Ah, yes, the lyrics. If A Little Piece Of Heaven sounds like a forgotten The Nightmare Before Christmas sequel, it reads like something from a full-blown torture porn horror flick, telling the story of a man who murders his significant other, preserving her body for his nefarious needs. Except she then comes back from the dead and kills him. Then he comes back from the dead and the two join in unholy matrimony to go on a big, romantic killing spree. Look, this shit ain’t Coldplay, alright? ‘Must have stabbed her 50 fucking times, I can’t believe it. Ripped her heart out right before her eyes. Eyes over easy, eat it eat it eat it!’ screams The Rev in the pre-chorus, the band clearly having an absolute blast curating the kind of comically violent narrative that would cause certain sections of Twitter to have a meltdown if it was released today.
Amazingly, despite being one of the standout songs on their self-titled album, the track nearly didn’t even make the cut at all, M Shadows having to really push the rest of the band to bring one of their most elaborate undertakings to life.
“We wanted to put it on a Halloween EP, so we started working on it,” explains Syn. “But we had so many songs and we were self-producing the record… to be honest, Jimmy and I didn’t want to work on it because the arrangements were such a monumental undertaking.
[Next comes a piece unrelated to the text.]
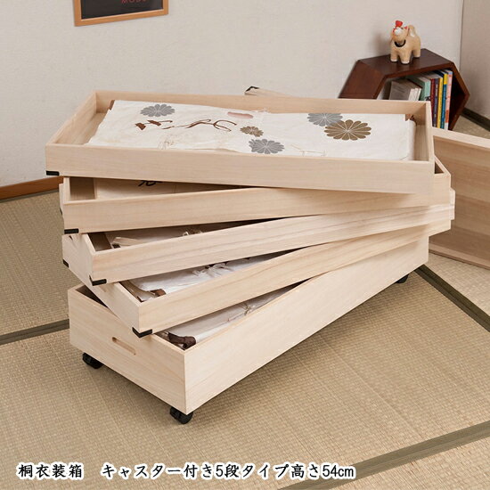 [桐衣装ケース キャスター付き] 浅型×3・深型×1 浅型×2・深型×2 浅型×4・深型×1 浅型×3・深型×2 桐製収納ケース 詳細 【商品名】 キャスター付き衣装箱5段 高さ54cm gb-rh0008 【サイズ】 本体:(約)幅91×奥行41×高さ54cm(キャスター5cm含む) 内寸:(約)幅88×奥行38×深さ(浅)6(深)11cm 【重量】 (約)9kg 【材質】 本体:天然木(桐材)、底板・天板:天然木桐化粧板 【仕様】 完成品(キャスターのみお客様取り付け) 【生産国】 中国 【区分】 収納家具 桐衣装箱 キャスター付き 5段タイプ 高さ54cm 調湿機能に優れた桐材は、衣類の収納に最適! 着物やカシミヤなど、大切な衣類の保管にはやっぱり桐。

We sort of gave up on it, and credit to Matt, he kept pushing and pushing and pushing. He wanted it for Halloween. I didn’t really want to do a Halloween EP, to be honest. I just wanted to finish that fucking album, and Jimmy was on the same page.”
Finally, with the rest of the band convinced by Shadows that it was a task worth pushing ahead with, things started to fall into place in the studio, and the band realised that they had struck gold.
“The song started taking life,” remembers Syn. “The minute we started recording it, everybody knew we had something special. When the stars align like that and you have Steve Bartek and Marc Mann — the Oingo Boingo guys – then you know you’re doing something fucking crazy and big.”
As soon as those around the band heard the completed song for the first time, they knew this couldn’t just be an EP track – it needed to be a cornerstone of the next album.
“I remember the label hearing it and they said, ‘This is not a Halloween EP song. This has to be on the record,’” says Syn. “We were a little intimidated to put something like that on the record, but our whole motto and ethos at the time was fucking fearlessness. The [self-titled] album is a fucking compendium of ridiculousness! Ha ha ha! There are auto-tuned vocals and country songs and shit like that, so we would have been betraying ourselves and acting like the biggest hypocrites of all if we didn’t do it.”
More than a decade on, Syn looks back at A Little Piece Of Heaven as one of the benchmarks against which Avenged Sevenfold will always be measured, and he’s perfectly happy for that to be the case.
“I’m so thankful that we did it because to me, I feel like we have a song that stands the test of time and is one of the greatest songs ever written, like a Bohemian Rhapsody or a Stairway To Heaven. Even though I didn’t write it, I’m probably even more proud that I got to witness that from a fan’s perspective and it was my best friend that created it.”